If this is a homework, I will not post the complete solution to give you a chance to submit your solution.
Nicia Nanami
Nicia Nanami 2017-8-27
编辑:Nicia Nanami 2017-8-27
@KALAN, @Jan Simon: Thank you for replying my post. This question asks to find x1, when y is equal 2, it's called y1. At that time, x is equal x1. I understand how to use ODE45 to find the solution of the equation. This is what I do. I create an m.file
[ dydx ] = func( x,y)
k=0.1
dydx=(8.*(y.^k))-(3.*y);
[x,y]=ode45(@func,[0:0.5:10],0.6)
The output will be y over x. However, I don't know how to find x1 without using find or arrayfun function. Do you know any functions that I can use in this situation? And since k is a range that means I have to create many m.file for each k value. Is there any better ways for me, instead? I just want to be given a hint not a complete solution. Thank you in advance
Nicia Nanami
Nicia Nanami 2017-8-27
@Image Analyst: yes this is my homework. I'm so sorry for not tagging it as homework since this is my first time using this website.

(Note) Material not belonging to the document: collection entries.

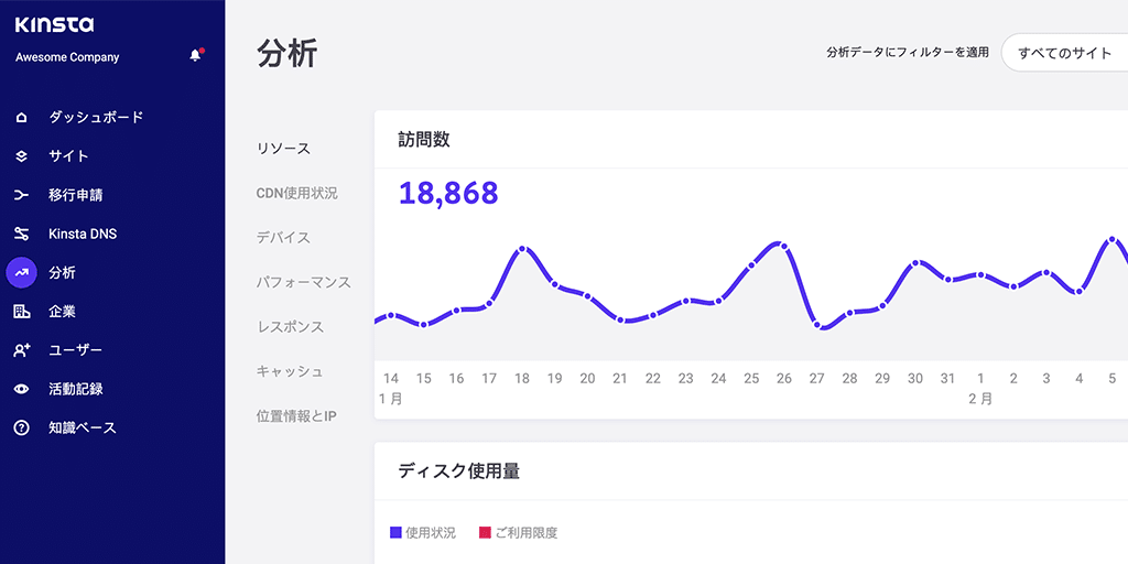 分析のすべてのログデータが30日間保持されます。プランの訪問数を超えることを心配している方には、Kinstaに移行した直後に、ダッシュボードの分析セクションを頻繁に確認することをお勧めします。 原因不明のトラフィックスパイクまたはいつもと違うデータが発生した際に、ログを調査し、原因を特定いたしますので、当社のチームにお知らせください。
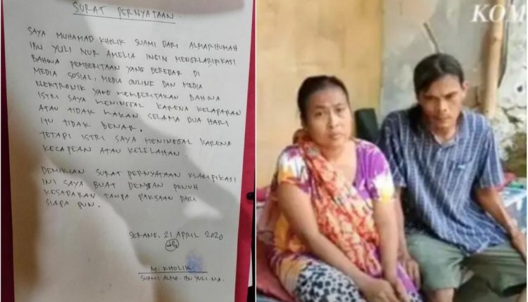 Beredar Surat Pernyataan Suami Almarhumah Yuli, Bantah Kematian Istri Bukan Disebabkan Kelaparan
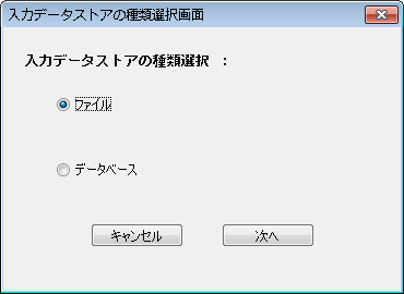 [入力データストアの種類選択]画面です。出力データストアも同じ画面になります。
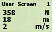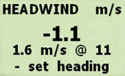 Im User Screen 1 werden Blickrichtung, Höhe und Windgeschwindigkeit angezeigt.
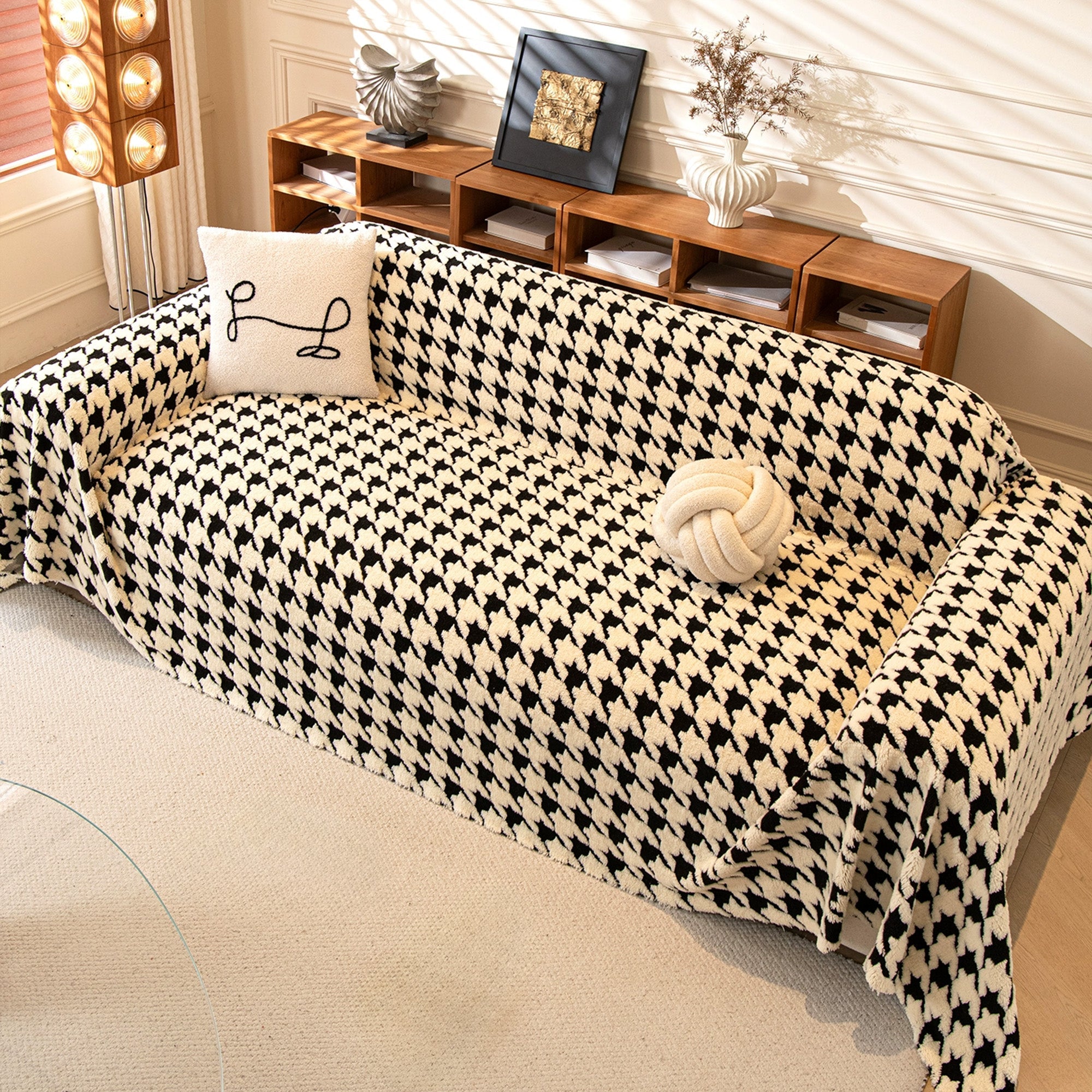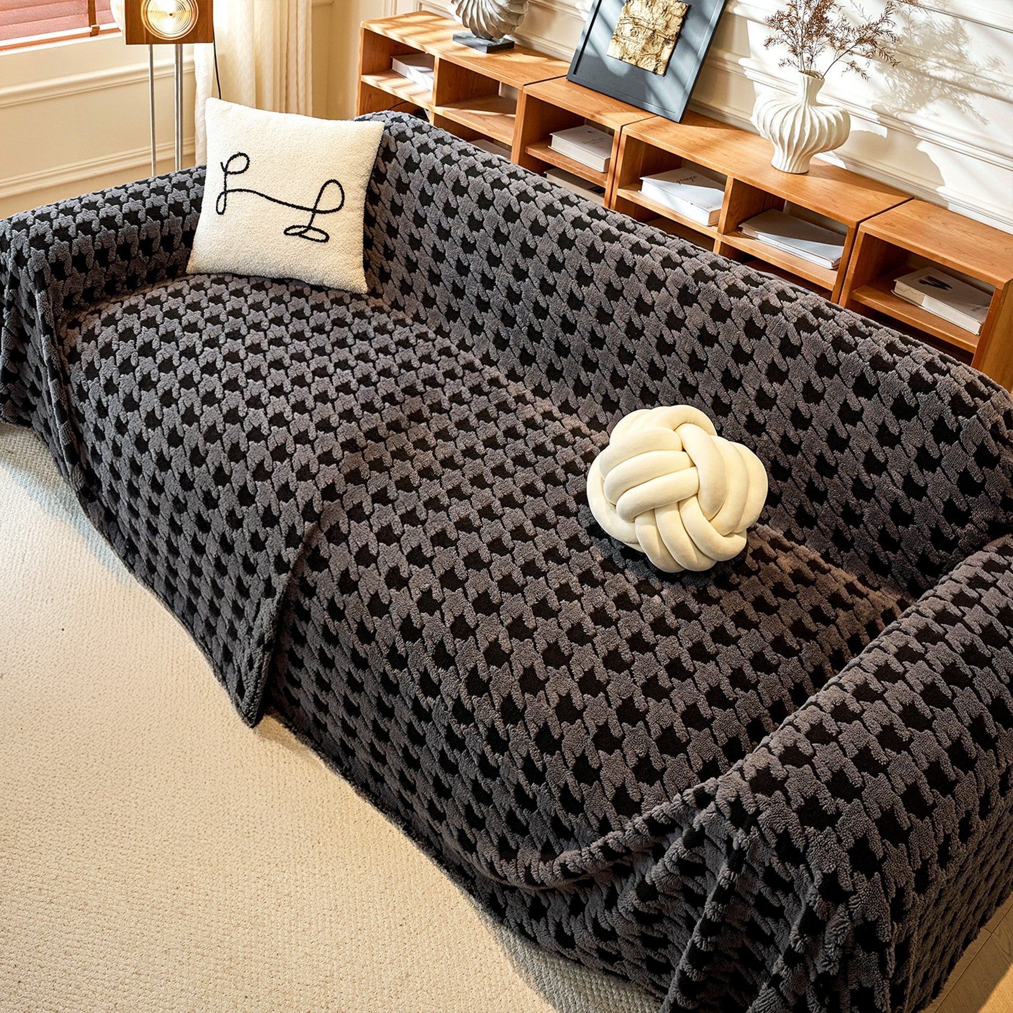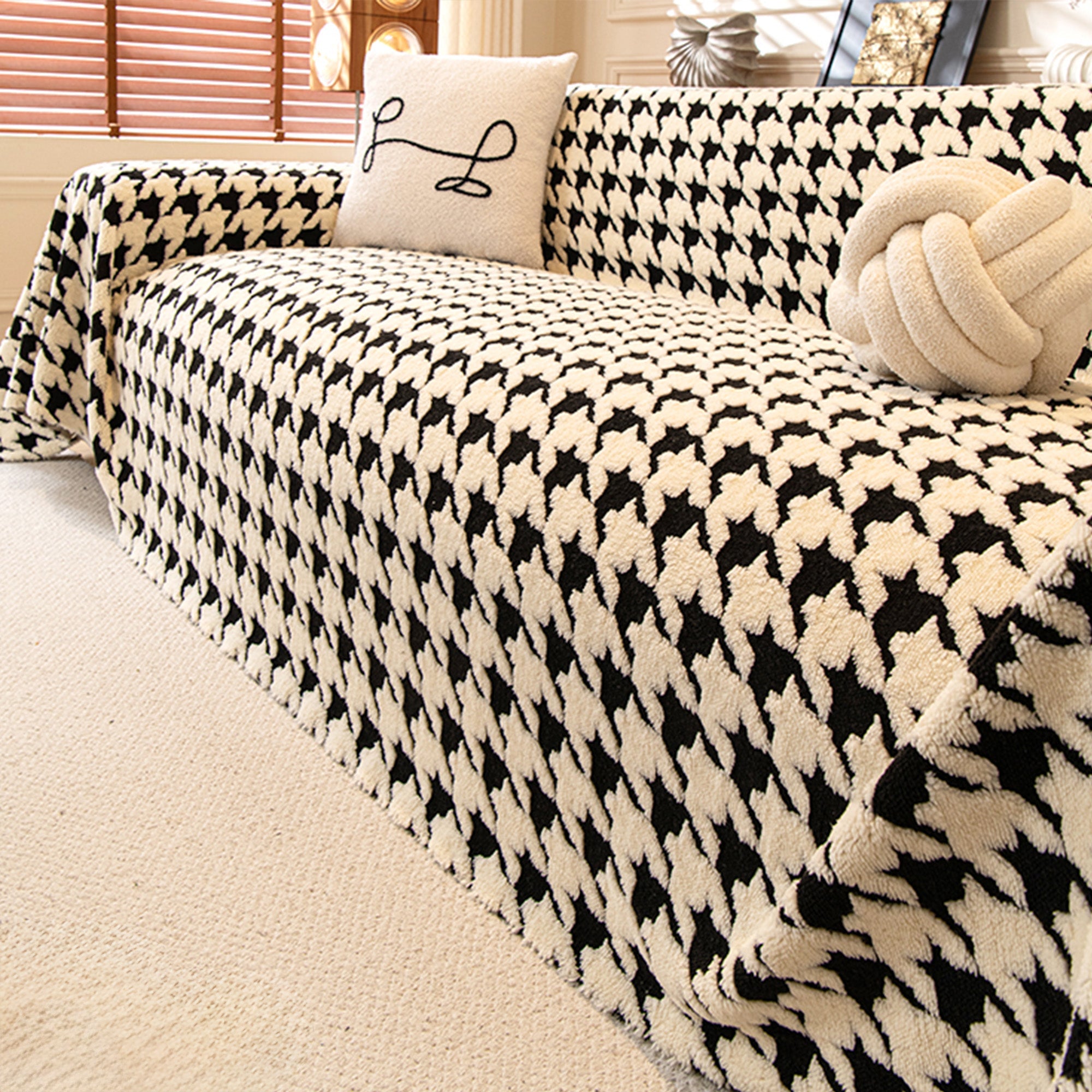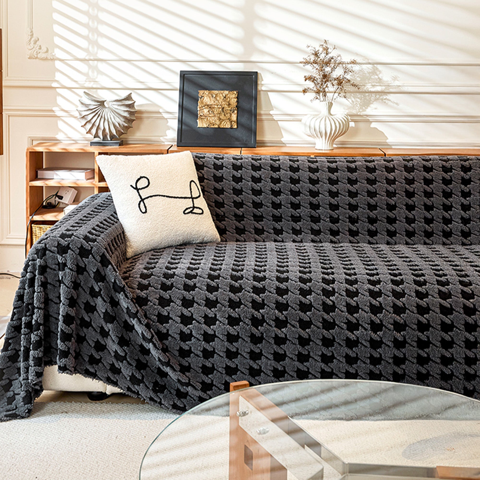 Cozy Houndstooth Plush Sofa/Couch Cover
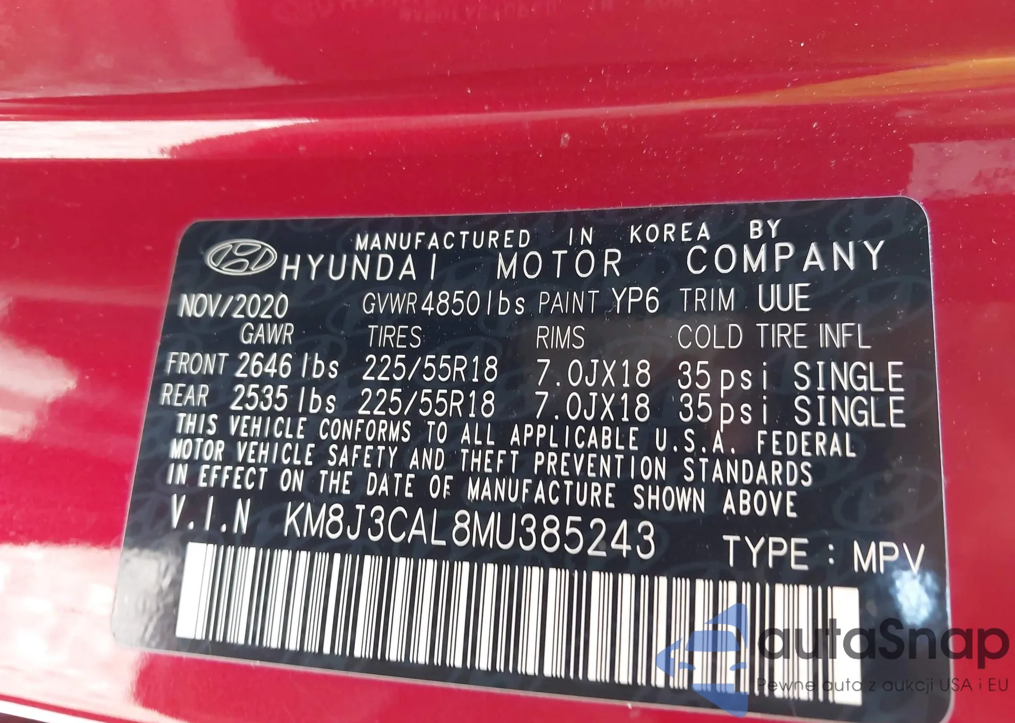 VIN: KM8J3CAL8MU385243
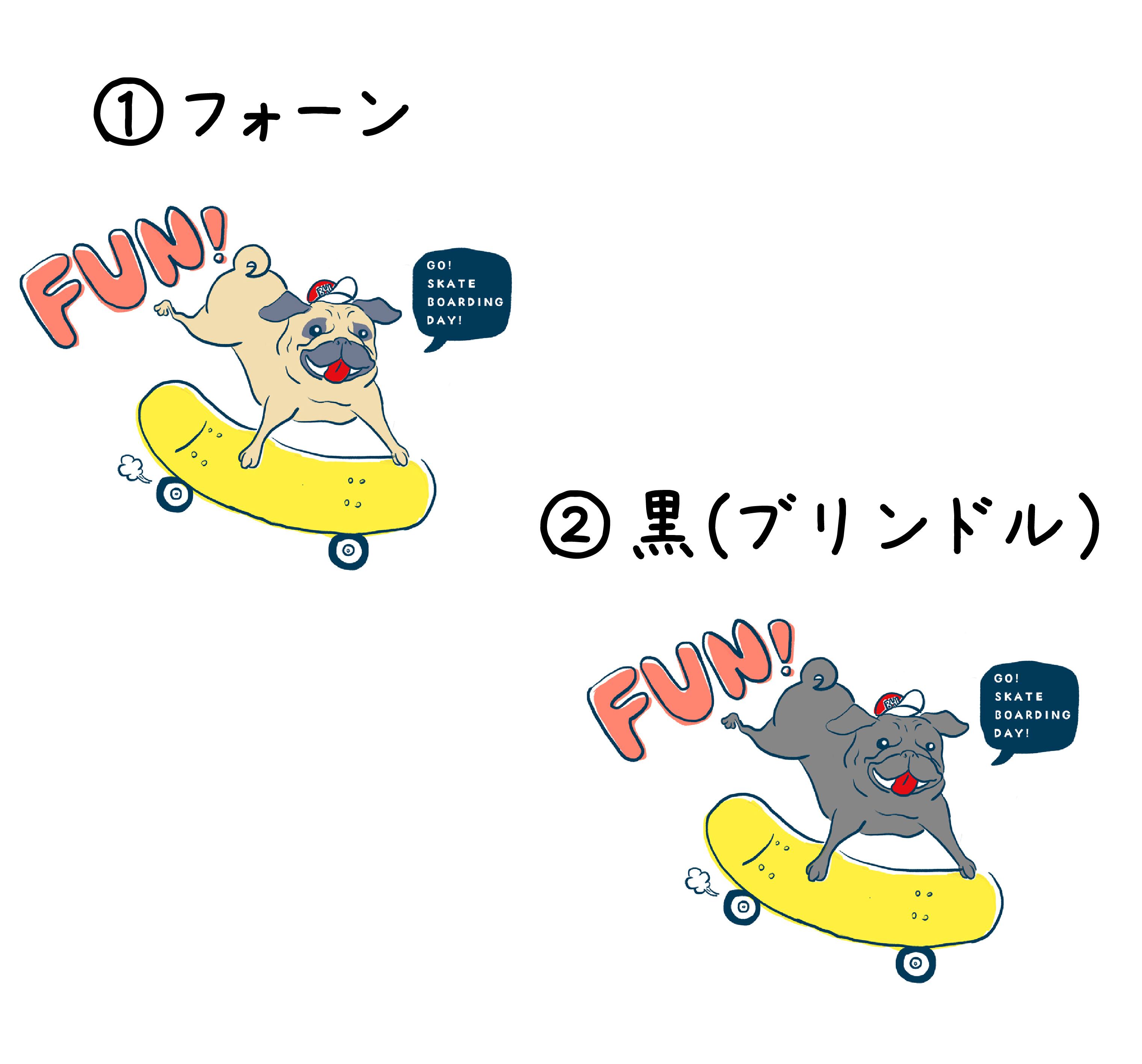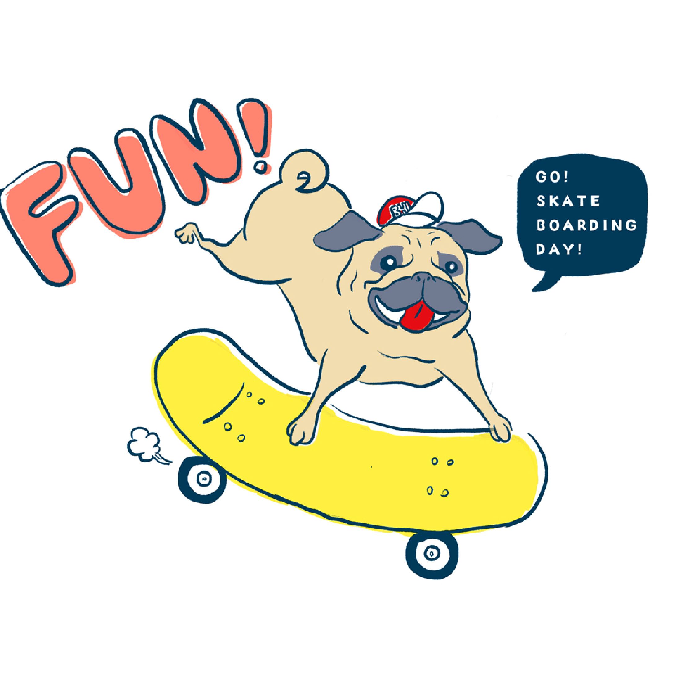 パグが楽しそうにスケボーしているイラストが入ったパーカーです♪
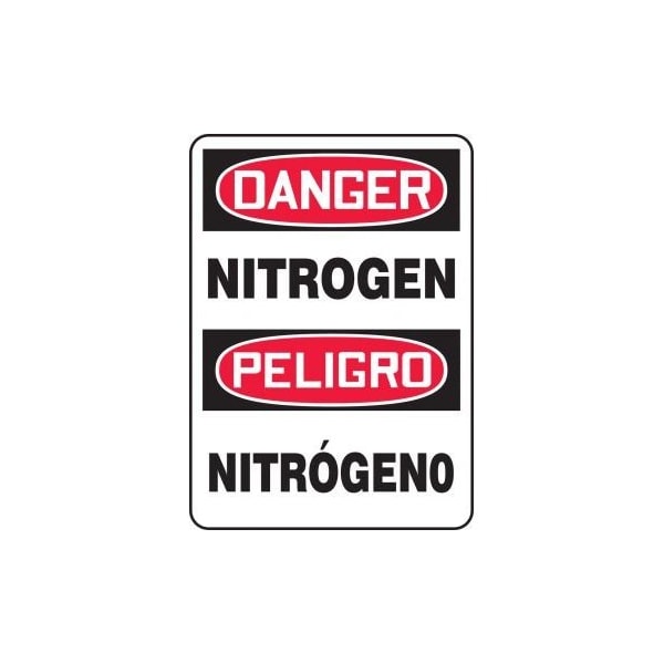 Accuform Safety Sign, Bilingual Rectangle, Header DANGERPELIGRO, Language EnglishSpanish, Text Legend, Legend NITROGENNITROGENO, 0055 in Plastic, 14 in Height, 10 in Width, Black on white SignWhite on BlackRed Header LegendBackground
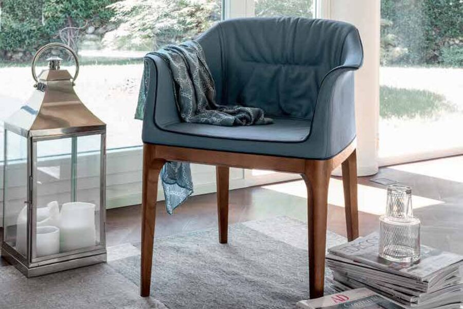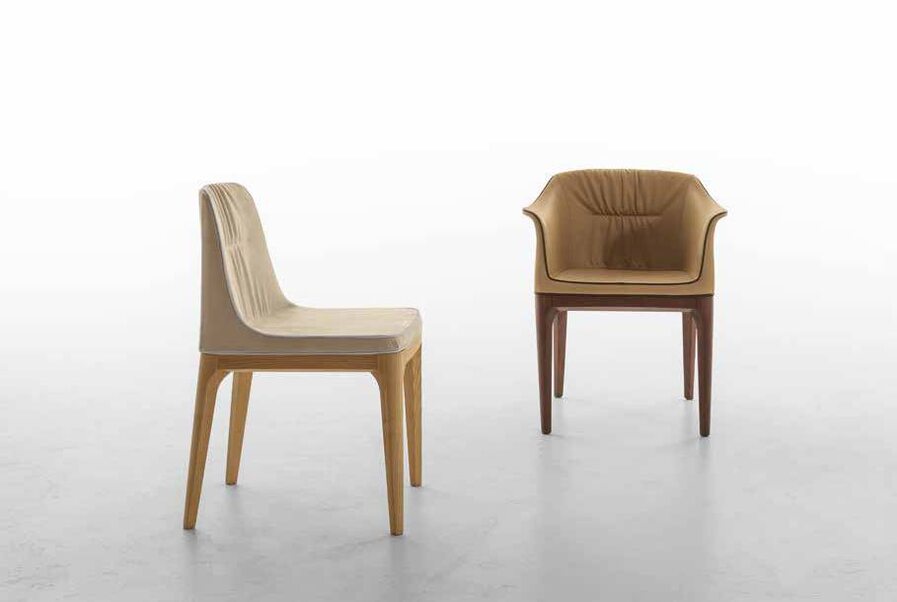 Изысканный стул от дизайнера Angelo Tomaiuolo. Каркас из массива дерева в отделках: орех каналетто, темный или натуральный дуб. Широкий выбор обивки из натуральной кожи, нубука или эко-кожи с богатой цветовой гаммой.
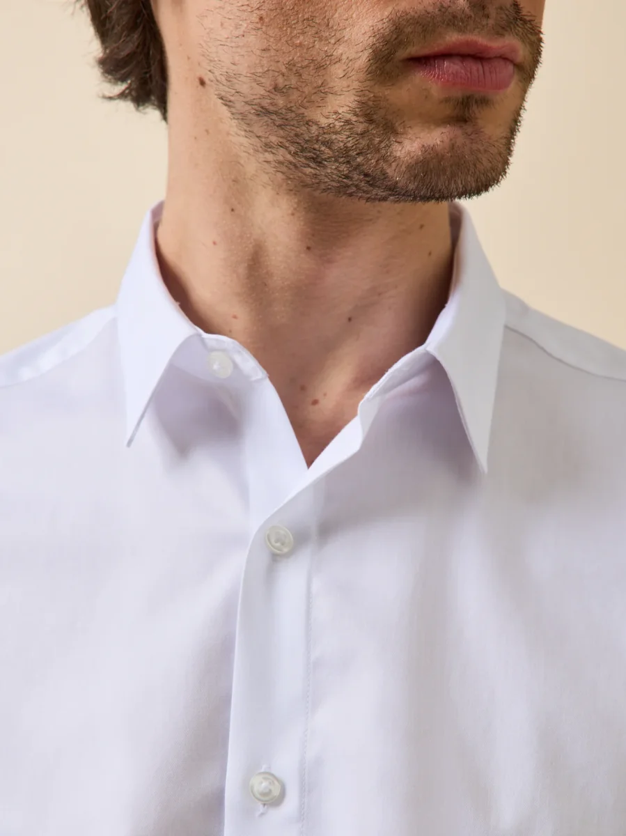 Nos chemises contemporaines ont une coupe droite, il s’agit de notre nouvelle « regular » légèrement retravaillée.

Thank you for reminding me.
Jan
Jan 2017-8-27
编辑:Stephen23 2017-8-28
@Nicia: This looks confused:
[ dydx ] = func( x,y)
k=0.1
dydx = (8.*(y.^k))-(3.*y);
[x,y]=ode45(@func,[0:0.5:10],0.6)
Better:
k = 0.1
dy = @(x,y) 8 * (y.^k) - 3 * y;
[x,y] = ode45(@dy, 0:0.5:10, 0.6)
Remark: Unnecessary square brackets should be avoided (see Why not use square brackets). I prefer the use of optional round parentheses, if they improve the clarity of the code. A multiplication has a higher precedence than the subtraction, so here I would omit the parentheses, but e.g. -2^k could be confused with (-2)^k, so I write -(2^k). It's a question of taste.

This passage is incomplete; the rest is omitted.